(MATERIAL PROVIDED begins)

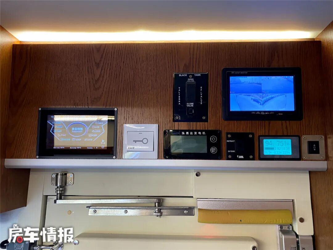 车内的水电控制开关全部结成在中门上方,所有功能都比较直观,日常上手操作无难度,比较有意思的是车厢中门采用电子锁,开关和小区门禁的一样,这点挺让人意外的。
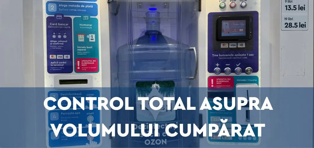 Această funcționalitate permite achiziționarea exactă a cantității de apă necesare, fie pentru consum zilnic, fie pentru prepararea băuturilor și a bucatelor.
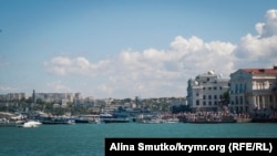 Флаги, бескозырки, тематические воздушные шары, сувениры-пилотки и казаки с нагайками – так аннексированный Севастополь встречает туристов, прибывших посмотреть парад ко Дню военно-морского флота соседней России.
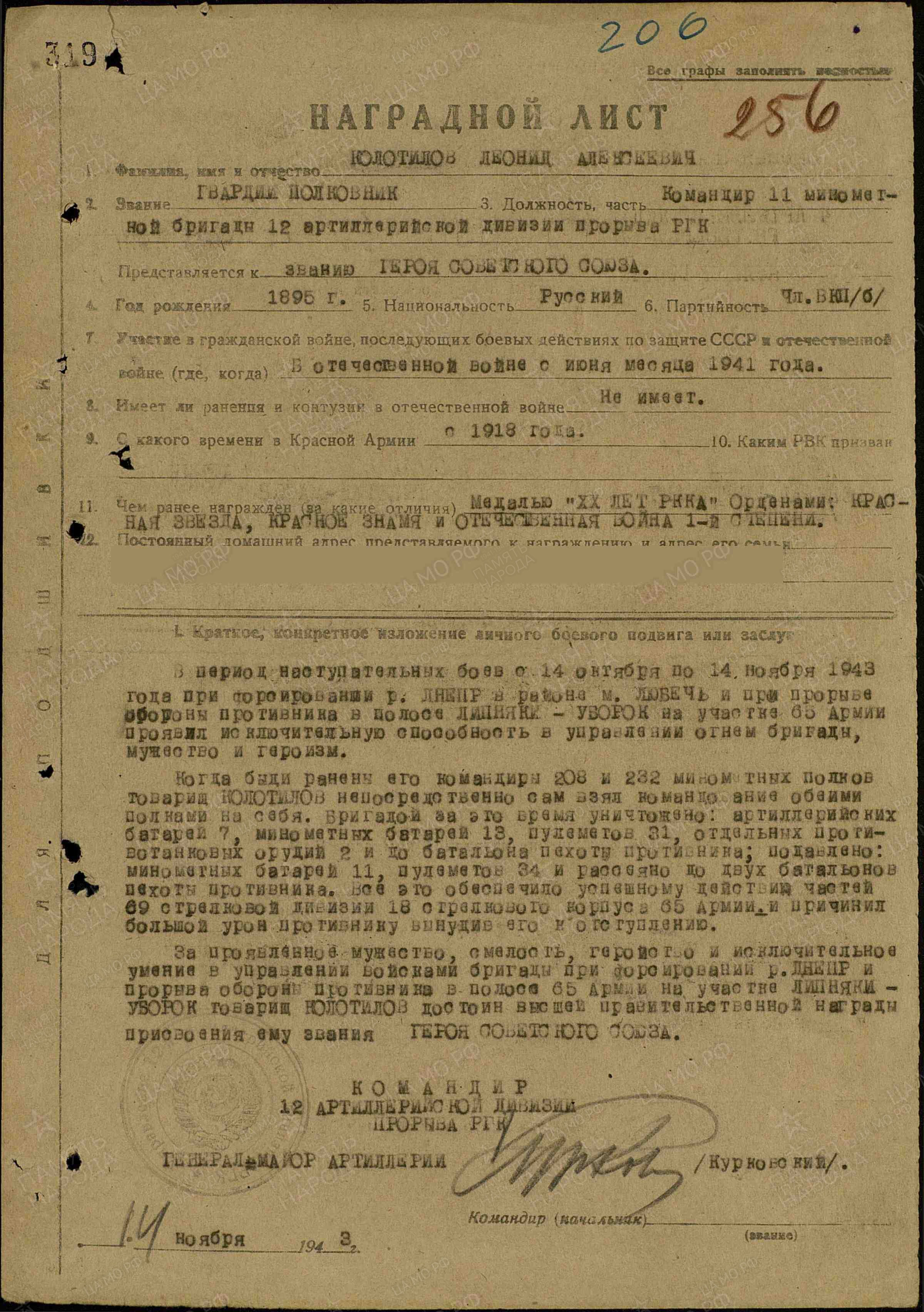 Командир 11-й миномётной бригады 12-й артиллерийской дивизии 4-го артиллерийского корпуса прорыва 61-й армии Центрального фронта, полковник Леонид Колотилов отличился в битве за Днепр. 14 октября 1943 года на подручных средствах переправил бригаду в районе села Любеч Репкинского района Черниговской области. В боях по удержанию плацдарма на правом берегу Днепра бригада уничтожила до 20 артиллерийских и миномётных батарей, 34 пулемёта и много живой силы противника, чем обеспечила переправу частей стрелкового корпуса.

(MATERIAL PROVIDED ends)

PROBLEM STATEMENT: Reproduce only the lines from the first line of the listing above up to and including the line that holds "Флаги, бескозырки, тематические". Omit the pictures.

TASK RESPONSE:
 车内的水电控制开关全部结成在中门上方,所有功能都比较直观,日常上手操作无难度,比较有意思的是车厢中门采用电子锁,开关和小区门禁的一样,这点挺让人意外的。
 Această funcționalitate permite achiziționarea exactă a cantității de apă necesare, fie pentru consum zilnic, fie pentru prepararea băuturilor și a bucatelor.
 Флаги, бескозырки, тематические воздушные шары, сувениры-пилотки и казаки с нагайками – так аннексированный Севастополь встречает туристов, прибывших посмотреть парад ко Дню военно-морского флота соседней России.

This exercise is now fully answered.